What is needed is an exact copy of the data below, pictures excluded.

**Input data:**
---*---

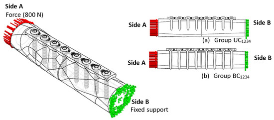 A constant load of 800 N was applied once the preliminary steps were achieved. It has been demonstrated to correspond to the load on the femur during regular activities such as standing up. The rationale relation between dynamic and static loading demonstrated that the average dynamic force applied on the femur is representative of the constant load based on human weight (i.e., 600 N, 700 N, 800 N, 900 N). Sides A and B represent the compression loading and constraint, respectively, and the schematic of these four loading conditions is illustrated in Figure 6a,b. This assumption approximates the actual condition of the anterior and posterior regions of the femur shaft. A simplified model was used to provide information about the screw–plate configuration affecting the mechanical behaviour of the bone–implant system [38]. This simplified model allows the parametric study of bone–implants involving stress distribution and stress shielding that influence the construct’s stability. The assembly force used in this study was applied as a compression rather than an impact, as is the case during surgery. A dynamic impact load can be replaced by compression as it results in a similar strength [39].
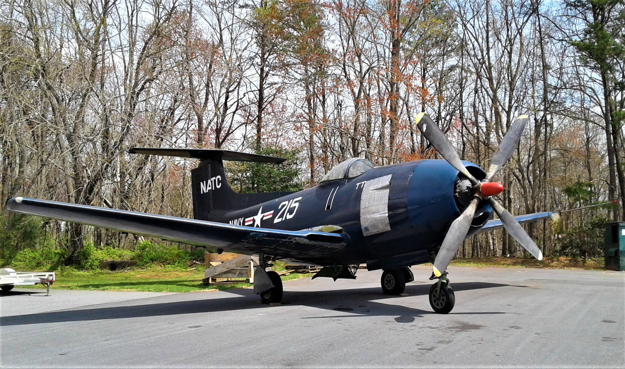 Of the three XF15Cs built, only one example survives today. This is the third and last example that was built, XF15C-1 BuNo 01215. With BuNo 01214 being scrapped at the end of its service, and BuNo 01215 logging only 56 flying hours before it was stricken from the Navy’s inventory in May 1947, it was kept in storage for preservation, and was eventually placed on display at the Bradley Air Museum (now the New England Air Museum (NEAM)) at Bradley International Airport in Windsor Locks, Connecticut, where it survived a Category F4 tornado that devastated the museum on October 3, 1979. Eventually, the aircraft was transferred to the now-closed Quonset Air Museum in Quonset, Rhode Island, though it was officially on loan from the National Naval Aviation Museum (NNAM) in Pensacola, Florida. When the Quonset Air Museum closed in 2015, the Curtiss XF15C-1 was eventually transferred by the NNAM to its present-day home at the Hickory Aviation Museum in Hickory, North Carolina. While this rare aircraft is currently on outdoor display, the HAM is building a new indoor facility to house the aircraft in its collection, including the last Curtiss XF15C-1.
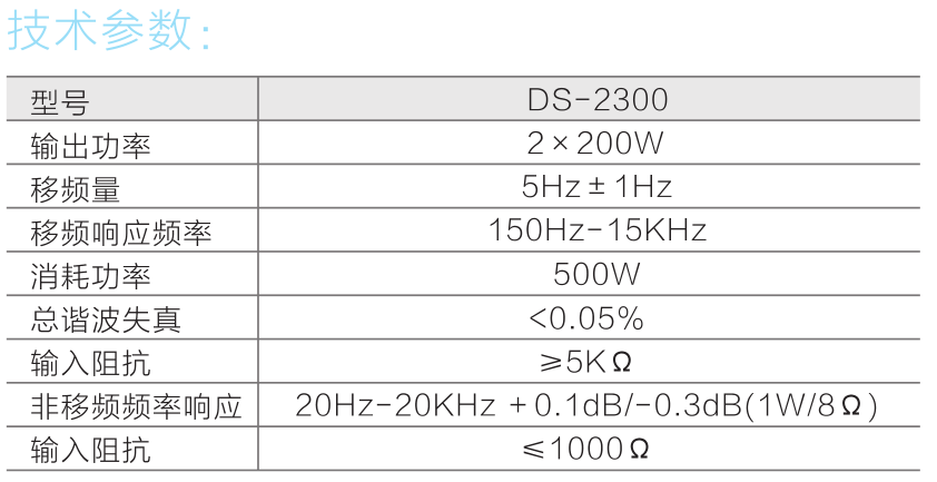 频率响应:非移频状态20Hz-20KHz;移频状态150Hz-15KHz

---*---

**Final answer:**
 A constant load of 800 N was applied once the preliminary steps were achieved. It has been demonstrated to correspond to the load on the femur during regular activities such as standing up. The rationale relation between dynamic and static loading demonstrated that the average dynamic force applied on the femur is representative of the constant load based on human weight (i.e., 600 N, 700 N, 800 N, 900 N). Sides A and B represent the compression loading and constraint, respectively, and the schematic of these four loading conditions is illustrated in Figure 6a,b. This assumption approximates the actual condition of the anterior and posterior regions of the femur shaft. A simplified model was used to provide information about the screw–plate configuration affecting the mechanical behaviour of the bone–implant system [38]. This simplified model allows the parametric study of bone–implants involving stress distribution and stress shielding that influence the construct’s stability. The assembly force used in this study was applied as a compression rather than an impact, as is the case during surgery. A dynamic impact load can be replaced by compression as it results in a similar strength [39].
 Of the three XF15Cs built, only one example survives today. This is the third and last example that was built, XF15C-1 BuNo 01215. With BuNo 01214 being scrapped at the end of its service, and BuNo 01215 logging only 56 flying hours before it was stricken from the Navy’s inventory in May 1947, it was kept in storage for preservation, and was eventually placed on display at the Bradley Air Museum (now the New England Air Museum (NEAM)) at Bradley International Airport in Windsor Locks, Connecticut, where it survived a Category F4 tornado that devastated the museum on October 3, 1979. Eventually, the aircraft was transferred to the now-closed Quonset Air Museum in Quonset, Rhode Island, though it was officially on loan from the National Naval Aviation Museum (NNAM) in Pensacola, Florida. When the Quonset Air Museum closed in 2015, the Curtiss XF15C-1 was eventually transferred by the NNAM to its present-day home at the Hickory Aviation Museum in Hickory, North Carolina. While this rare aircraft is currently on outdoor display, the HAM is building a new indoor facility to house the aircraft in its collection, including the last Curtiss XF15C-1.
 频率响应:非移频状态20Hz-20KHz;移频状态150Hz-15KHz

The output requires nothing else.